IMO, that's punishing the entirety of their customer base for the sins of a few. I find that insulting.
As a hypothetical only (not getting into politics): if a State decided to take away the right of all Senior Citizens to drive
Wait. Stop right there. Analogy fail.
Senior citizens have a right to certain personal freedoms.
You don't have a "right" to have a book in pdf format.
Your argument only holds if you feel you are somehow entitled to have the product you want, in the exact format you want. Your rights are in no way curtailed by them not providing pdfs. Meanwhile the company does have a right - a real, legal right - to decide how to manage their products.
Now, when we are young, our parents may withhold something we want (like, TV time or videogame time) as punishments. But we aren't kids any more - shouldn't we recognize now that sometimes we can't get exactly what we want?
Which is not to say that you can't choose not to buy until they fulfill some certain criteria - even completely arbitrary criteria. It is your money, that's your call.

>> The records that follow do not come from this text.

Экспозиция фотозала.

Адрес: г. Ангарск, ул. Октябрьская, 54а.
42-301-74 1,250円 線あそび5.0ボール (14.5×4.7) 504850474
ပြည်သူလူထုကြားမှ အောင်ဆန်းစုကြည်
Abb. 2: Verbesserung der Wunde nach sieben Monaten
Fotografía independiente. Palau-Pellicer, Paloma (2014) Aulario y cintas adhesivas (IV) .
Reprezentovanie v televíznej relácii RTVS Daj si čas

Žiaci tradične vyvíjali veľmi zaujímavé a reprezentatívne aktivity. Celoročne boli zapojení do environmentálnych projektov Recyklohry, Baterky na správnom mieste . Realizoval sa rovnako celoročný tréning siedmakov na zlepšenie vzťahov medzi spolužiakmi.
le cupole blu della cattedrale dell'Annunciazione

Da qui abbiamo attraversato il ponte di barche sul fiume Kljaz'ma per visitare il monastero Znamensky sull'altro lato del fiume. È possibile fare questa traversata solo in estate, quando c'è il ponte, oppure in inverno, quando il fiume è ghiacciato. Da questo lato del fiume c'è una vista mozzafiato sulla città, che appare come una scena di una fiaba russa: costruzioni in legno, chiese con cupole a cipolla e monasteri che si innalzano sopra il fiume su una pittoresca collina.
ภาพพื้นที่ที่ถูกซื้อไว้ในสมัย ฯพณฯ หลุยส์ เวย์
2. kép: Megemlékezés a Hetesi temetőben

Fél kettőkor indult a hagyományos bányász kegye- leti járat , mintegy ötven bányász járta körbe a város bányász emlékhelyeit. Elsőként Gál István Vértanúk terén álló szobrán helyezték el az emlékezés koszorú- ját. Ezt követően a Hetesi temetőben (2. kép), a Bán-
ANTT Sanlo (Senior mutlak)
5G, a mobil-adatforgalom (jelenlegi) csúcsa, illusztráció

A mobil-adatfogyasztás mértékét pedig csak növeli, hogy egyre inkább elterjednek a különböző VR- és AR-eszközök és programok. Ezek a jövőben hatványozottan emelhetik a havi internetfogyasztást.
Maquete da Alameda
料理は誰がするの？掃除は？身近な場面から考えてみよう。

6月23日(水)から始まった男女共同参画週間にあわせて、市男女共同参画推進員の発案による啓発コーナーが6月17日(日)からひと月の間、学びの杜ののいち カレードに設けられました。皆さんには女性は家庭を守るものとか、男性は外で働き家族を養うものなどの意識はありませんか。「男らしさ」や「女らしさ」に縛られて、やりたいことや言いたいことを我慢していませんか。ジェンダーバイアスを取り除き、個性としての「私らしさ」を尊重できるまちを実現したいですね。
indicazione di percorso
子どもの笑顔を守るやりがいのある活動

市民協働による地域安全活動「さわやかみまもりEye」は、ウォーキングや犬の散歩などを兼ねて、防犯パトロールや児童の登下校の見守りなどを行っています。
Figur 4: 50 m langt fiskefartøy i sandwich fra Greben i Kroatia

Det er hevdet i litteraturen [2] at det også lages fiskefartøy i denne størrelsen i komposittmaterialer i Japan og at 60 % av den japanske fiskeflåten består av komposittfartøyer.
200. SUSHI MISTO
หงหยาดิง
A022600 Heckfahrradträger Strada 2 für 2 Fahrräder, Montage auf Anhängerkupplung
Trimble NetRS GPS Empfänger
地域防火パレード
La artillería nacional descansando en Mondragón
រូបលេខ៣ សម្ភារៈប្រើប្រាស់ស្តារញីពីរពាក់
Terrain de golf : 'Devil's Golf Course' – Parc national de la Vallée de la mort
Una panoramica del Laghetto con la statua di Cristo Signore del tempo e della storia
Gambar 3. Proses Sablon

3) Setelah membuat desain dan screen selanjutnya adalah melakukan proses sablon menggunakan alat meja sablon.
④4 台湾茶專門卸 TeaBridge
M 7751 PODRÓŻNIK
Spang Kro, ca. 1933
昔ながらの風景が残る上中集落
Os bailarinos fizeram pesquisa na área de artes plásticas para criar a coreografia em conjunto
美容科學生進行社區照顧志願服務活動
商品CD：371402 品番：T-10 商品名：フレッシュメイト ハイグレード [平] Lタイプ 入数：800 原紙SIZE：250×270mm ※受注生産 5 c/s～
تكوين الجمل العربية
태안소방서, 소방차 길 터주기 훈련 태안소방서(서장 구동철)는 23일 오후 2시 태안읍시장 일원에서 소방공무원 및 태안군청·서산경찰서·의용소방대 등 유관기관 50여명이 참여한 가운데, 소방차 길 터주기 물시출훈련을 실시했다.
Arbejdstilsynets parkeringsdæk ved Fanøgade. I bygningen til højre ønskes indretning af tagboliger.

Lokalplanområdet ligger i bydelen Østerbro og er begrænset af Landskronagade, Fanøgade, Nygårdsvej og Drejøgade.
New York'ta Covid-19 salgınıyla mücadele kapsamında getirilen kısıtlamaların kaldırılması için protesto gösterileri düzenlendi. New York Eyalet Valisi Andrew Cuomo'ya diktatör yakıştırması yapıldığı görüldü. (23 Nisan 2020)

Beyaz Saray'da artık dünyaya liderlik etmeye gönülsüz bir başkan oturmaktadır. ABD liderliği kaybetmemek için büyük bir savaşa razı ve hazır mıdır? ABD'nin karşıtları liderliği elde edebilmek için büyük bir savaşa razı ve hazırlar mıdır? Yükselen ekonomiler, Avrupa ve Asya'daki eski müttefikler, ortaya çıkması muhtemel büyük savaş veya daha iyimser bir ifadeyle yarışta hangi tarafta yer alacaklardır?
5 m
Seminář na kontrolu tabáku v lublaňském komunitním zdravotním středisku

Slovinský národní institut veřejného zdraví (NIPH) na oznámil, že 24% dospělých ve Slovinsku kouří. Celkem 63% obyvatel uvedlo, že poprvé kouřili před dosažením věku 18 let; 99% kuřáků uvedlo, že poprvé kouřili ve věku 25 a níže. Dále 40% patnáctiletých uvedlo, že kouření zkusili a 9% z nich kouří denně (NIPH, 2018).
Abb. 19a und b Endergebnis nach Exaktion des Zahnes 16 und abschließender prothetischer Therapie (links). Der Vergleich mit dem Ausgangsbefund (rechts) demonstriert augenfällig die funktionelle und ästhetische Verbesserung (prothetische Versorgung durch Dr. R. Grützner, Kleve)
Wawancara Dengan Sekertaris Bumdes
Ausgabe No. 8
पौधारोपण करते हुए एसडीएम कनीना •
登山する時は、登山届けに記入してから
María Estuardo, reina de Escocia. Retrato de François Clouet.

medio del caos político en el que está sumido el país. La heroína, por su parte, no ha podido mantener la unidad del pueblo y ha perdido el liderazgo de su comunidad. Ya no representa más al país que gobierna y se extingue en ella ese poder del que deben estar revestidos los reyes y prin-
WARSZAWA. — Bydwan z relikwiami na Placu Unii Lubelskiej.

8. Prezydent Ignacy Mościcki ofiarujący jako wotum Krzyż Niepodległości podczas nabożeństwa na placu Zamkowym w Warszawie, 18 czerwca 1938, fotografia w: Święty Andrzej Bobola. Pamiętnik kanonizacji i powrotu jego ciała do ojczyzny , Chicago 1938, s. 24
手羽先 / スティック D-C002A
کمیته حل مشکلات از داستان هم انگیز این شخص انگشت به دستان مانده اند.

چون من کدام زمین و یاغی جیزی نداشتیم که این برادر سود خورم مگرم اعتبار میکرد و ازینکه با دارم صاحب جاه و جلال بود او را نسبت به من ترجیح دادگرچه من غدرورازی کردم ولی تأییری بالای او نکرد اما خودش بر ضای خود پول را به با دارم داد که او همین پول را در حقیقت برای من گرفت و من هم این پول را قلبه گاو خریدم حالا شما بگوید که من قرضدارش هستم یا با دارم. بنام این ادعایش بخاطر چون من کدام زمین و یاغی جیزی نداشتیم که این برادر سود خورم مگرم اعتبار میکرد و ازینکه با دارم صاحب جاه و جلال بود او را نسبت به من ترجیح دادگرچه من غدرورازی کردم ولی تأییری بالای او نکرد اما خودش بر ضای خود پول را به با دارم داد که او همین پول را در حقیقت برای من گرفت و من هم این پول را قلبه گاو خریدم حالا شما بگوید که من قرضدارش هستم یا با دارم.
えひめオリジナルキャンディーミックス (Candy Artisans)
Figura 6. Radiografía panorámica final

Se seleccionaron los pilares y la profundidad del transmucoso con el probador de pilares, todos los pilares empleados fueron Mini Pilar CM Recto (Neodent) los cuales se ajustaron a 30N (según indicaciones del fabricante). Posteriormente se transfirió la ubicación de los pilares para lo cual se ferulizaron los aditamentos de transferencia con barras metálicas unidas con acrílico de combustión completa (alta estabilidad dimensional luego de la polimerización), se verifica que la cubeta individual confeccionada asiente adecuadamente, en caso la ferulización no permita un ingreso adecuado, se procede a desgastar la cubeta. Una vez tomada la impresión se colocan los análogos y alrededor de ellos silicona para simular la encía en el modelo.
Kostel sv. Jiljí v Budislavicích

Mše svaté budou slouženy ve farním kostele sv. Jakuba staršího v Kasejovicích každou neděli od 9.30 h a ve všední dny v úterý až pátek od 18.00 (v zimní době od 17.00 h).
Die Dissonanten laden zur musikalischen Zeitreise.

As for their reasons - I understand the argument that restricting sales of pdfs does not actually curtail piracy. However, what *I* understand is irrelevant. If we assume that that was the truth, and the whole of the decision*, and that they were honestly trying to act in the interests of the business and the brand. Basically, you are saying you are insulted by someone else honestly trying to do their job properly.
People make mistakes. Waiters spill coffee on us, paperwork gets lost, business decisions that don't really reflect reality as we understand it get made. That's not a good reason to feel insulted, is it?
*I don't make that assumption. I actually think there's much more to it than piracy. However, I don't believe we are entitled to their reasoning, either.